## REQUIRED WORK
Each line in the material below, starting at the one that contains "At Signature Auto" and ending at the one that contains "A vintage Chanel", should be repeated exactly; the pictures should not.

## DATA FOR PROCESSING
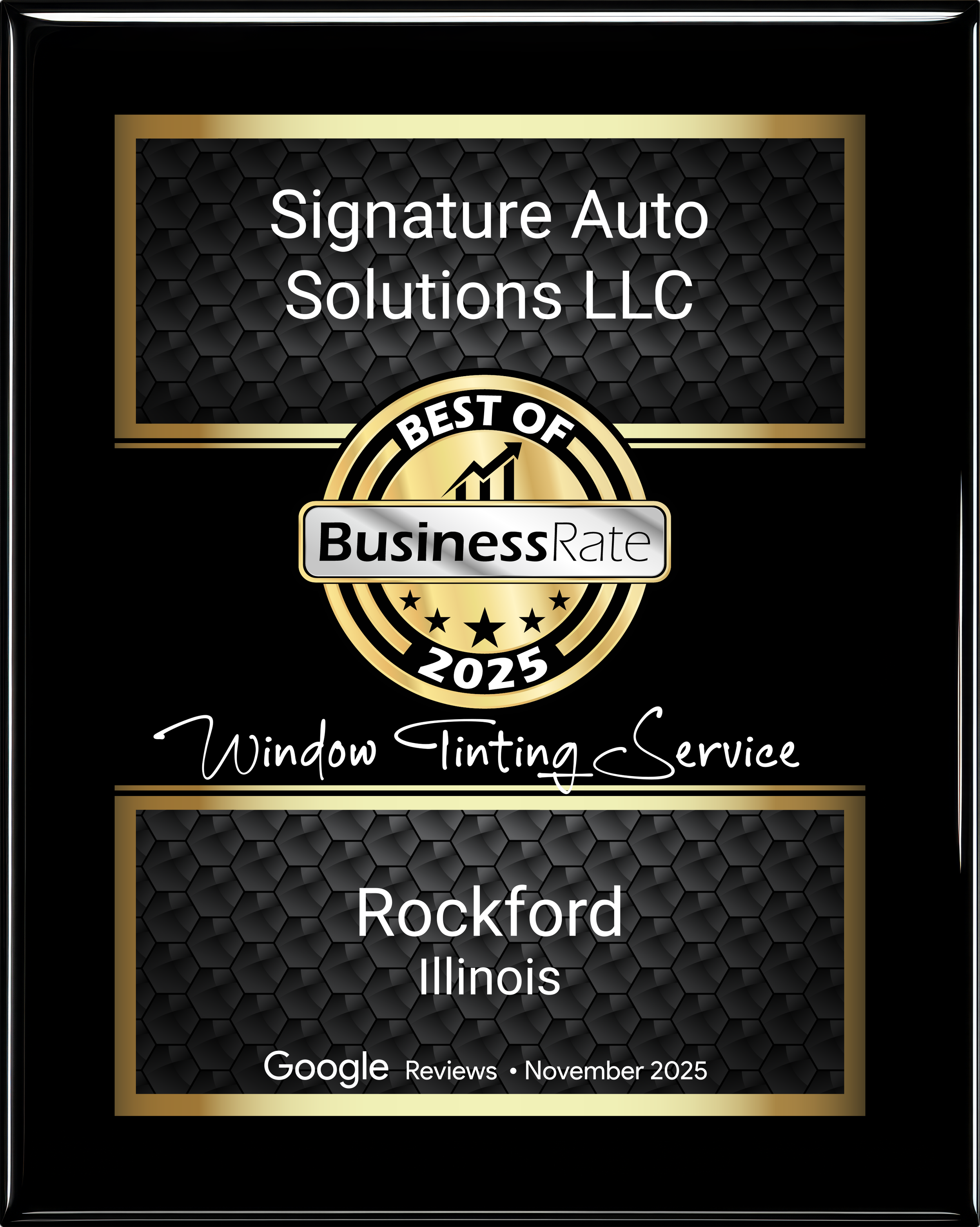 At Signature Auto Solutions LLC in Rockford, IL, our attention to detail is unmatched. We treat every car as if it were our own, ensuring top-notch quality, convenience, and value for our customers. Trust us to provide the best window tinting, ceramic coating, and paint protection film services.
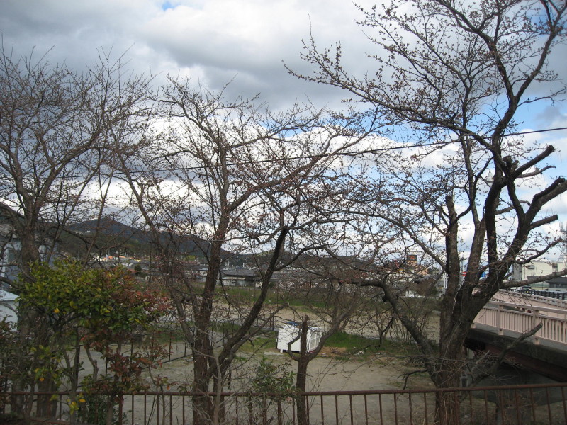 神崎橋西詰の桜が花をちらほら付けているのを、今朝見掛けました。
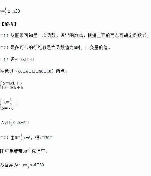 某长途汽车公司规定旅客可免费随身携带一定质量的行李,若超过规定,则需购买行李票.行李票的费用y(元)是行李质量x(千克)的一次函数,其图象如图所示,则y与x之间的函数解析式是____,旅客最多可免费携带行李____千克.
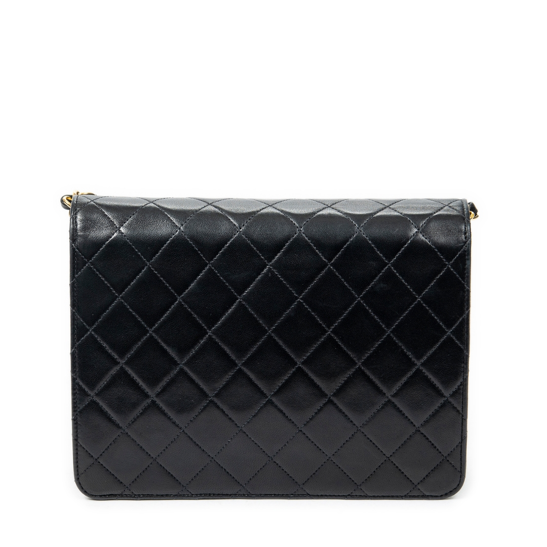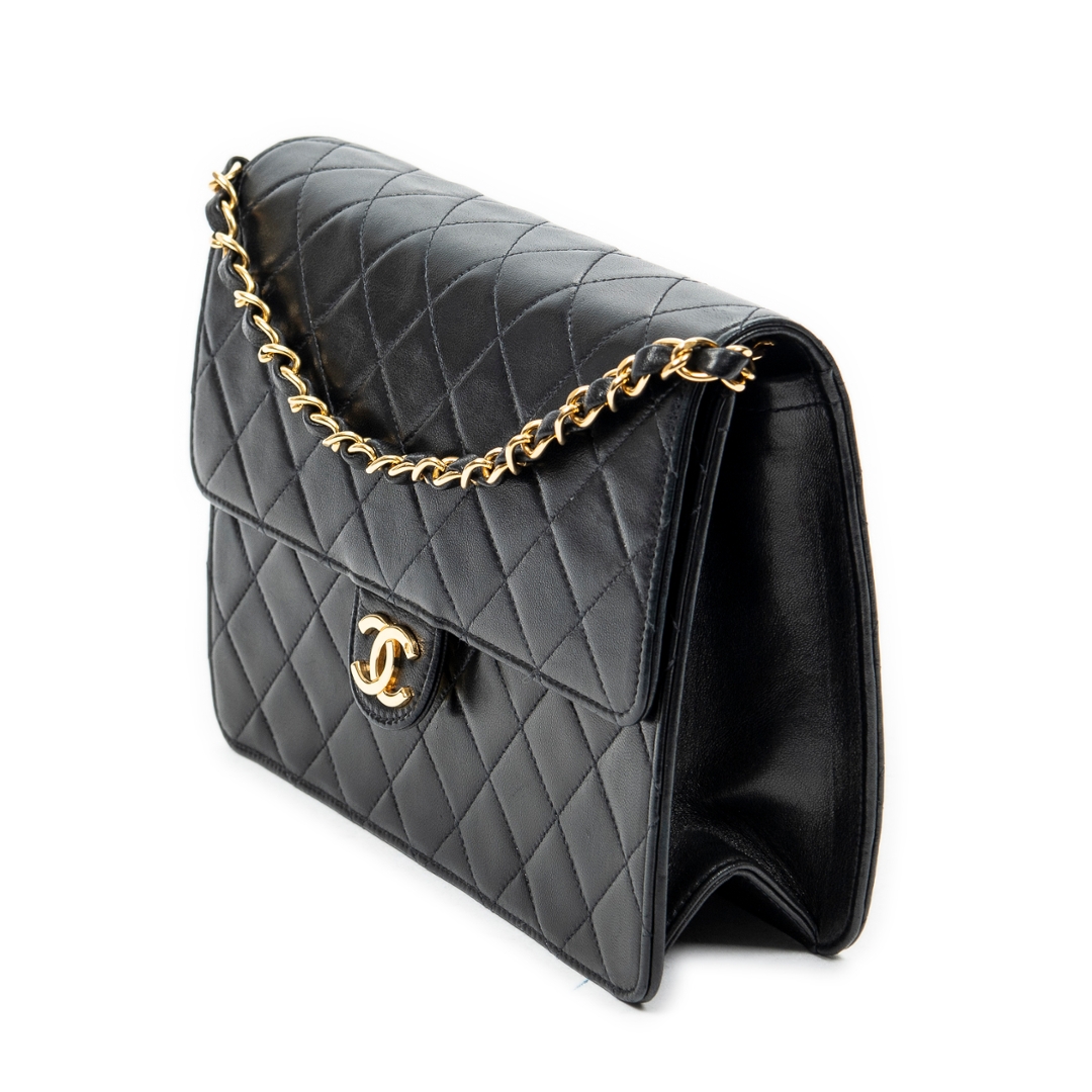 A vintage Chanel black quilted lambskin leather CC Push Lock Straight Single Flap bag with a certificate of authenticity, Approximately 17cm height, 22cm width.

==

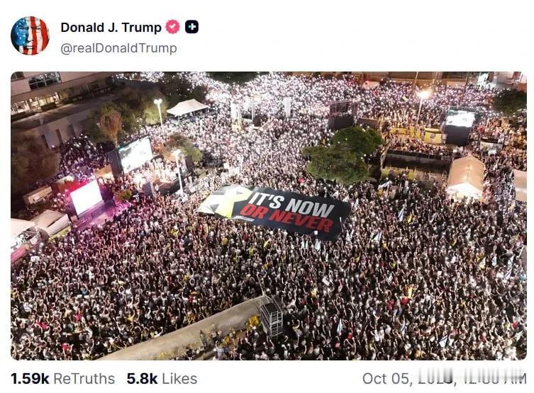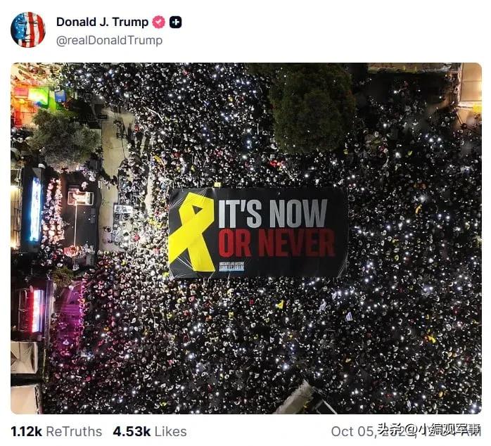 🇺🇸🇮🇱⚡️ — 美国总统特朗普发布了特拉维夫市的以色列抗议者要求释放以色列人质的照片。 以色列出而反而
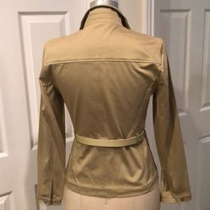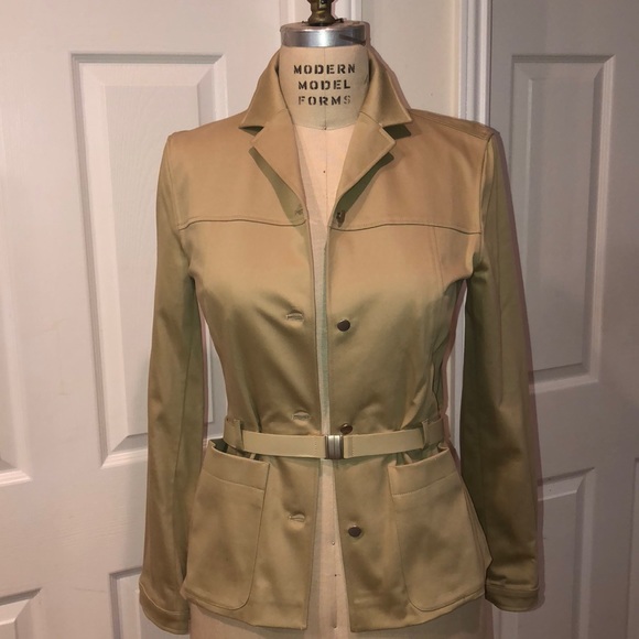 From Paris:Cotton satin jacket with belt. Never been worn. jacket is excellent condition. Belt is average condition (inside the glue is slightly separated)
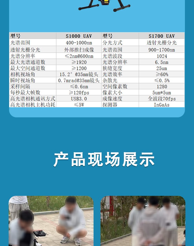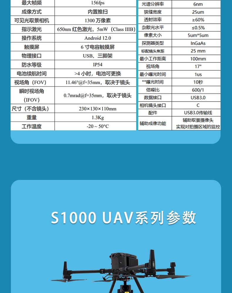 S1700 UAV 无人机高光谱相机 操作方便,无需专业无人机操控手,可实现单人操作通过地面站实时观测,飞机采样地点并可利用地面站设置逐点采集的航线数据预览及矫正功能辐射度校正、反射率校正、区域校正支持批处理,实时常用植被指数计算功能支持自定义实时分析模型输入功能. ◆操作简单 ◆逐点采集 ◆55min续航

## YOUR SOLUTION
 At Signature Auto Solutions LLC in Rockford, IL, our attention to detail is unmatched. We treat every car as if it were our own, ensuring top-notch quality, convenience, and value for our customers. Trust us to provide the best window tinting, ceramic coating, and paint protection film services.
 神崎橋西詰の桜が花をちらほら付けているのを、今朝見掛けました。
 某长途汽车公司规定旅客可免费随身携带一定质量的行李,若超过规定,则需购买行李票.行李票的费用y(元)是行李质量x(千克)的一次函数,其图象如图所示,则y与x之间的函数解析式是____,旅客最多可免费携带行李____千克.
 A vintage Chanel black quilted lambskin leather CC Push Lock Straight Single Flap bag with a certificate of authenticity, Approximately 17cm height, 22cm width.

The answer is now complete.